Воодушевленные согласным пением женщины – они почти все были
женами офицеров – сердечно попрощались с Ильей, с Софьей Аркадьевной,
и зал скоро опустел.
– Значит, мне правильно показалось, что вы спешите,– запирая
двери зала на ключ, сказала Софья Аркадьевна.– Семейные хлопоты?
– Есть немного, – смущенно ответил Илья.– В девятнадцать ноль-
ноль родительское собрание, сестра просила обязательно
быть. Их двадцать второго апреля в пионеры принимать будут, такие
дела... Спасибо вам, а то я не знал, как закончить.
– Вот сколько нам «спасибов» отвесили! – улыбнулась Софья
Аркадьевна. Они сдали вахтерше ключ и оделись.
На улице было тепло. Три недели назад перешли на «летнее время», и
вечер еще совсем не чувствовался. На той стороне улицы, в сквере, ребятишки
играли в «чижа». На скамейках сидели молодые девчонки и пожилые
мужчины с газетами; бабули покачивали коляски. Народ сидел себе и
беззаботно грелся на нежданно теплом апрельском солнце. И никто никуда не
спешил.
– Найдут же, когда собрание устраивать! – пробормотал Илья.

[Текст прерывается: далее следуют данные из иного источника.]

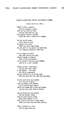 "Plain Language from Truthful James" (or "The Heathen Chinee") was very popular among general readers. One New York newspaper reported on the frenzy over the poem: "Strolling down Broadway... we saw a crowd of men and boys, of high and low degree, swarming about a shop-window, pushing, laughing, and struggling... Elbowing our way through the crowd, we discovered an illustrated copy of Bret Harte's poem 'The Heathen Chinee.'"[13]

– Действительно, варварство...– Софья Аркадьевна, сильно
прищурившись, посмотрела на солнце.– Ну ладно. Мне тоже поторопиться
надо. Давайте на такси! – Она подбежала к краю тротуара и махнула
навстречу «Волге» с зеленым огоньком.– Садитесь, Илья, нам в одну
сторону.
Они уселись вместе на заднем сиденье.
Илья Парамонов учился на последнем курсе музыкального училища,
на отделении хорового дирижирования, а Гольман была его преподавателем,
она вела в училище класс фортепиано. С Домом офицеров у нее были давние
связи, и два месяца назад она устроила туда Илью вести занятия с хором, ему
очень нужны были деньги. Гольман было лет сорок, но, несмотря на большую
разницу в возрасте, они неплохо сработались.
Какое-то время ехали молча. Потом Софья
Аркадьевна повернулась к Илье и осторожно положила свою ладонь на
его сцепленные в замок пальцы:
– У меня, Илюша, есть к вам небольшое
дело.– Она легонько сжала его пальцы. Илья
смутился. У Гольман была интересная, какая-то
деликатно-контактная манера разговаривать,
и он никак не мог к ней привыкнуть. Никто
из его сверстниц такой манерой не владел...—
Дело вот какое.– Софья Аркадьевна, видимо
заметив его смущение, убрала руку.– Одна моя
приятельница хочет купить пианино. Недорогое,
с рук. Желает сына в музыкальную школу отдать. Как вы сами
понимаете, в таком деле
нужен специалист; выбрать хороший инструмент – штука тонкая.
Затем, после доставки,
инструмент нужно будет настроить, это понят
но... Я думаю, все хлопоты будут стоить рублей
двадцать пять. Я подумала о вас.
Илья смутился еще больше.
– Софья Аркадьевна! – Он почувствовал, что краснеет.– Ну что вы,
честное слово! У меня с деньгами сейчас вполне нормально! Вы и так со мной
сколько уж возитесь...
– Перестаньте, Илюша,– мягко перебила его Гольман.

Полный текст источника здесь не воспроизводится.